There is no greater professional reward than the ability to relieve the pain of a patient, Dr. Ricardo Gago

The expert says arthritis treatment should be multidisciplinary and include mental health professionals.

Dr. Ricardo Gago, rheumatologist. Photo: Archives of the Journal of Medicine and Public Health

for him Dr. Ricardo GagoAnd the Graduated Rheumatologist from Autonomous University of Guadalajara And a former president of the Puerto Rican Association of Rheumatologists, there is no greater professional reward than the safety of his patients by reporting improved symptoms associated with rheumatic diseases.

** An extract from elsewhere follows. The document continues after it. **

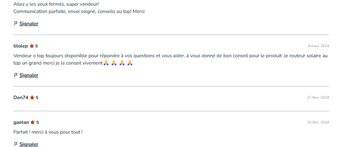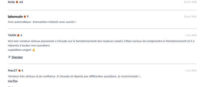 Publié sur Darbon StéphaneTrustindex vérifie que la source originale de l'avis est Google. Je recommande le routeur solaire Berdolo (F1ATB). Celui ci est bien construit avec des composants de qualité. J'ai pris un routeur triphasé avec 4 voies de 3kW chacune. J'ai choisi l'analyse de la consommation en triphasé avec un ''Shelly 3EM'' (Composant qu'il faut acheter en plus, le routeur Berdolo se connecte dessus pour faire son travail.) En monophasé, la pince ampèremétrique est intégrée au routeur Berdolo. Et merci pour le support technique et le professionnalisme dont vous avez fait part.Publié sur la bushTrustindex vérifie que la source originale de l'avis est Google. Je recommande sans hésiter les routeurs de mr berdolo top qualités merci à lui, pour sa réactivité et sa disponibilité même trois mois après l’achat il est présent pour les questionsPublié sur angeliqueTrustindex vérifie que la source originale de l'avis est Google. Sérieux matériel au top personne qui vous guide aussi bien dans les conseils que pour l'installationPublié sur jean-pierre hontarredeTrustindex vérifie que la source originale de l'avis est Google. Je recommande le routeur solaire Berdolo qui se distingue nettement de la concurrence par sa qualité de fabrication, sa fiabilité et sa précision. Là où beaucoup de solutions du marché ou en autoconstruction sont bien plus plus basiques et beaucoup moins durables, le Berdolo offre des résultats concrets sur l’autoconsommation et une réduction réelle du soutirage réseau. Matériel sérieux, très bien fini, fiable dans le temps, avec en plus un support technique très compétent et réactif. Une solution haut de gamme, loin des produits gadgets.Publié sur William PARENTINTrustindex vérifie que la source originale de l'avis est Google. Perfect !!! J'ai fais l'acquisition d'un routeur solaire, et il fait exactement le travail souhaité. Toute ma surproduction est renvoyée sur les 2 voies, soit cumulus, soit radiateur. Plus aucune perte ! Je consomme tout ce que je produis Le travail est soigné, et les composants de qualité. Et le plus important, des conseils et un suivi permanent. Merci pour tout çà. Je recommande vivement.Publié sur didier dubasTrustindex vérifie que la source originale de l'avis est Google. Je recommande sans hésiter le site de mr berdolo merci à lui, pour sa réactivité et sa disponibilité Et ses explications et conseils d’utilisation du RouteurPublié sur Sylvain BallandTrustindex vérifie que la source originale de l'avis est Google. Des bons conseils et un suivi attentif et patient.Publié sur Jérémie RobinTrustindex vérifie que la source originale de l'avis est Google. Routeur parfait et de très bonne qualité. Amortissement de l'achat 10 mois.Publié sur TV GUYOMTrustindex vérifie que la source originale de l'avis est Google. En plus d’avoir un matériel performant et fiable revelant de vrai es économies, Olivier est aussi présent et très précieux sur les conseils de mise en place et d’exploitation du matériel ; tant sur le scope électrique que domotique. Je recommande.Publié sur Mathieu MontagneTrustindex vérifie que la source originale de l'avis est Google. Je recommande fortement Olivier ! Il a répondu à toutes mes questions sur les routeurs , envoie rapide et conseils de qualitéCharger plusCertifié par: TrustindexLe badge vérifié de Trustindex est le symbole universel de confiance. Seules les meilleures entreprises peuvent obtenir le badge vérifié, avec une note supérieure à 4.5, basée sur les avis des clients au cours des derniers 12 mois. En savoir plus

“For me, being able to take a person’s pain off is amazing. You see someone saying ‘Thank you, Doctor, because I can walk, I can sleep now’, which is a great bonus, and that’s what I keep when you get home,” the expert emphasized.

Dr. Gago completed his bachelor’s degree at the University of Puerto Rico, and after moving to Mexico to study medicine, he returned to the island where he specialized in internal medicine at the Medical Sciences Campus. Once his studies were completed, the specialist undertook his internship at Auxilio Mutuo Hospital and participated in various research projects of the Puerto Rico Research Foundation.

“I have the opportunity to do it rheumatismOne of my greatest passions: For me this specialty is a deeper extension of internal medicine. After that, it also focuses on musculoskeletal pain, which also caught my attention because I’m a sports fan and suffer from a lot of pain, and finally that kind of discomfort is what we deal with on a daily basis.

The doctor highlighted the importance of doctor-patient communication.

Over the years, it has become easier to provide more focused and targeted care to the patient, while at the same time emphasizing the importance of patient control and knowledge of their circumstances: “The practice is becoming more and more complex, and we are seeing how treatments affect other areas of the body, so we need to follow closely. and a more in-depth understanding of all these aspects.”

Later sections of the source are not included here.